Evolution of orbits of trans-Neptunian bodies at the 2:3 resonance with Neptune

TL;DR

This study numerically investigates how trans-Neptunian bodies evolve in the 2:3 resonance with Neptune, considering planetary influences, and identifies different orbital behaviors and resonance conditions affecting their stability.

Contribution

It provides new insights into the orbital evolution and resonance interactions of trans-Neptunian objects, including the coexistence of multiple resonances and the influence of initial orbital orientations.

Findings

Bodies leave resonance in about 20 Myr when certain orbital angles decrease.

Longer resonance retention occurs when specific angles increase and decrease.

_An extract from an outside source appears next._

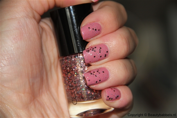 Het tweede lakje is een prachtige (top) coat dat bestaat uit roze glitters in verschillende formaten. Het is echt een mooie oudroze kleur, maar ik kreeg het helaas niet goed op de foto. Ik besloot ‘m over een roze nagellak te dragen, zo krijg je een beetje het idee van de kleur. Op de bovenste 2 foto’s zie je de kleur ook redelijk goed.
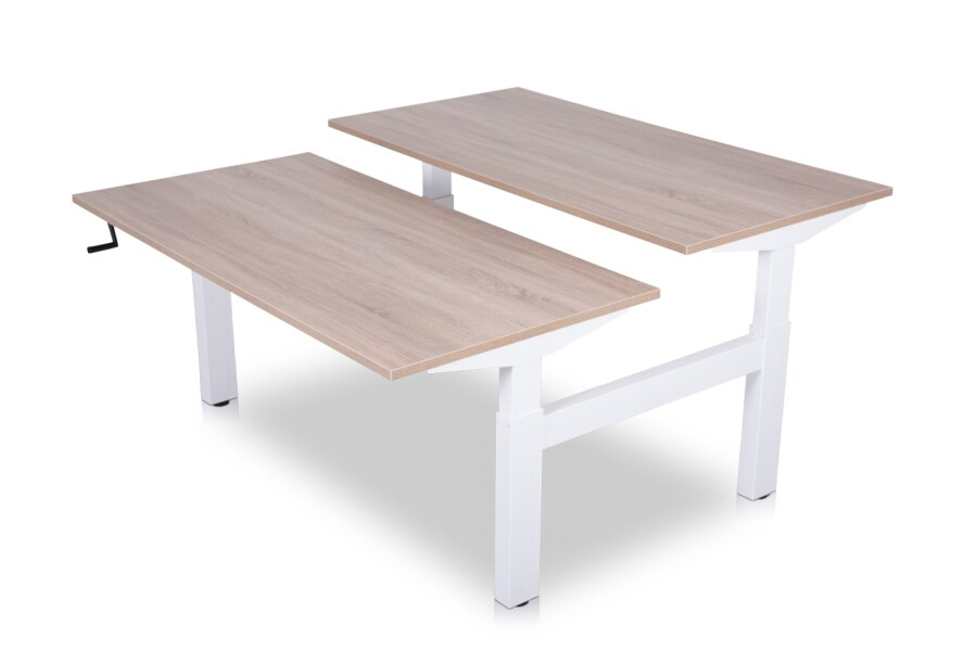 TwinWorks bureaus zijn ideaal geschikt voor medewerkers welke vaak met elkaar moeten overleggen.  Deze duo-werkplek is in hoogte verstelbaar met behulp van handslinger. De werkplekken kunnen afzondelijk van elkaar in hoogte worden versteld. Het 25 mm dikke blad is afgewerkt met een melamine toplaag en met een PVC stootrand in dezelfde kleur. Deze Bench werkplek is geheel ontwikkeld op de huidige arbo voorschriften. Een heerlijk bureau om aan te werken.

Regions of eccentricity and inclination favor secular and Kozai resonances, sometimes simultaneously.

Abstract

The results of the numerical investigations of the evolution of orbits of trans-Neptunian bodies at the 2 : 3 resonance with Neptune are presented. The gravitational influence of the four giant planets was taken into account. For identical initial values of the semimajor axes, eccentricities, and inclinations, but for different initial orbital orientations and initial positions in orbits, we obtained different types of variations in the difference {\Delta}{\Omega}={\Omega}-{\Omega}_N in the ascending-node longitudes of the body and Neptune, and in the perihelion argument {\omega}. When {\Delta}{\Omega} decreases and {\omega} increases during evolution, then most of the bodies leave the resonance in 20 Myr. In the case of an increase in {\Delta}{\Omega} and a decrease in {\omega}, the bodies stay in the resonance for a much longer time. Regions of eccentricities and inclinations, for which some bodies were in the {\eta}_18 secular resonance ({\Delta}{\Omega} is almost constant) and in the Kozai resonance ({\omega} is almost constant), were obtained to be larger than those predicted for small variations in the critical angle. Some bodies can at the same time be in both these resonances.